==== Dataset section

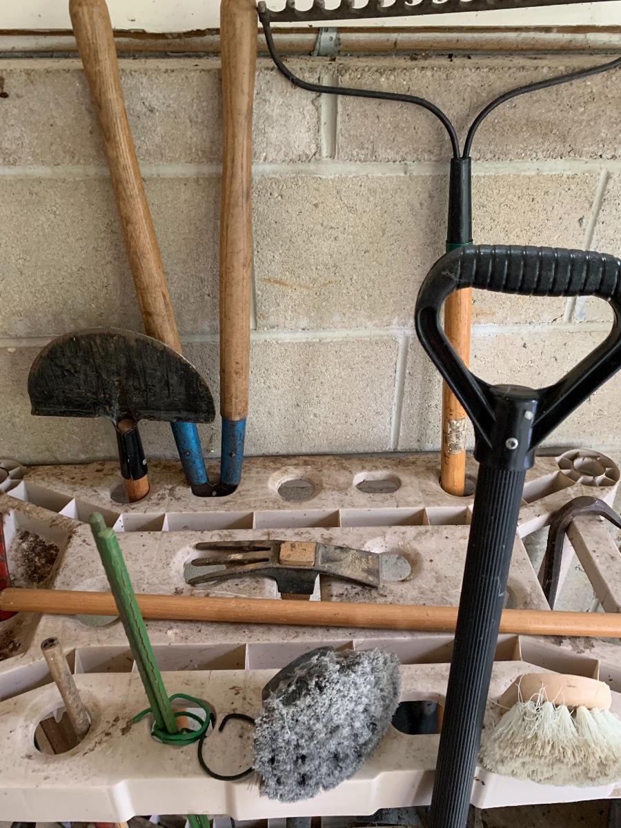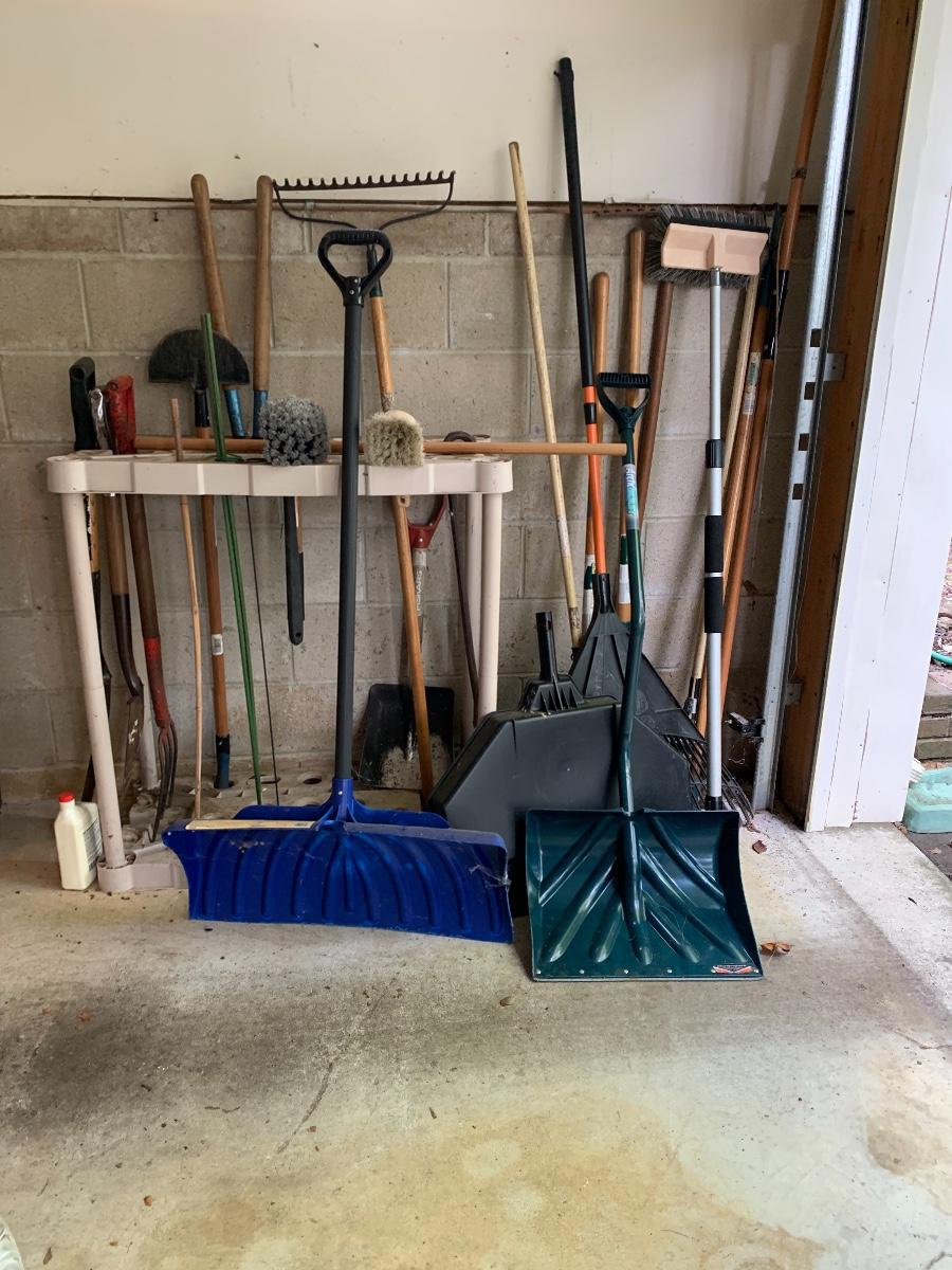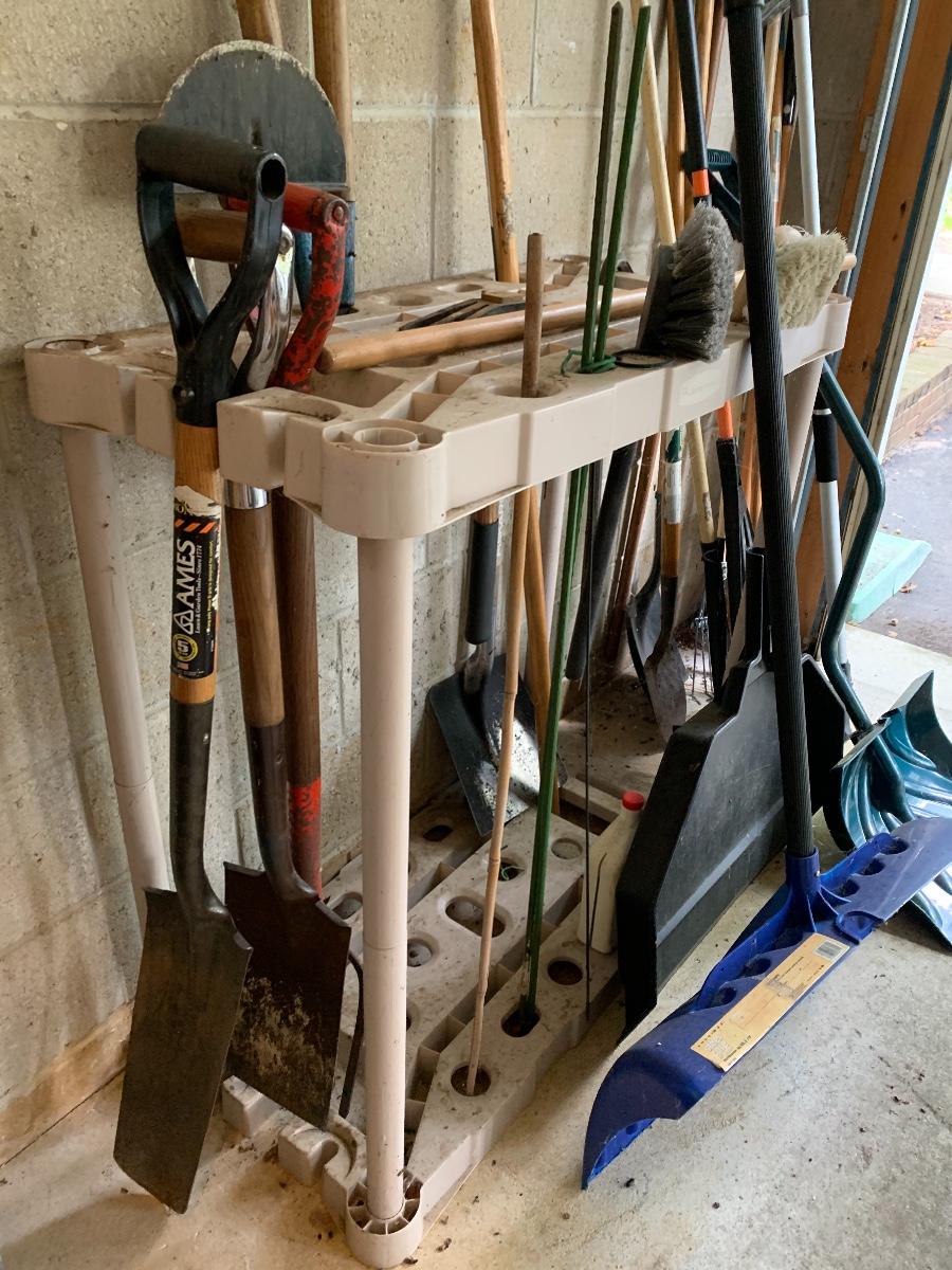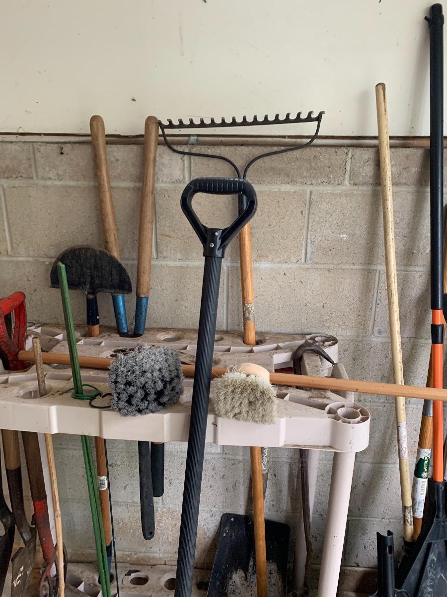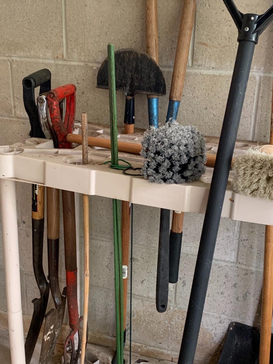 Misc. yard tools along with the tool holder to help keep them organized.
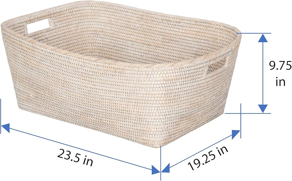 - الجزء العلوي: 23.5 بوصة طول × 19.25 بوصة عرض. الجزء السفلي: 20 بوصة طول × 13.5 بوصة عرض. ارتفاع 9.75 بوصة
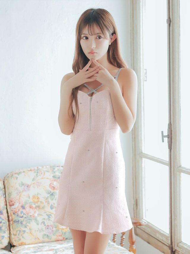 パステルカラーで女子力爆上げ♪ ミニドレス バストジップ ラメキャミソール ツイード Aライン キャバドレス (りせり着用) [tk-md10293a]
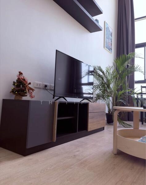 Built-in: Kitchen with shelves and hanging cabinets, large wardrobe, TV stand, curtains 17,000 THB

========

Instructions for the task | Your copy should hold exactly and only the lines from the one containing "- الجزء العلوي: 23.5" through the end of the material, inclusive, repeated word for word and without pictures.

Response |
 - الجزء العلوي: 23.5 بوصة طول × 19.25 بوصة عرض. الجزء السفلي: 20 بوصة طول × 13.5 بوصة عرض. ارتفاع 9.75 بوصة
 パステルカラーで女子力爆上げ♪ ミニドレス バストジップ ラメキャミソール ツイード Aライン キャバドレス (りせり着用) [tk-md10293a]
 Built-in: Kitchen with shelves and hanging cabinets, large wardrobe, TV stand, curtains 17,000 THB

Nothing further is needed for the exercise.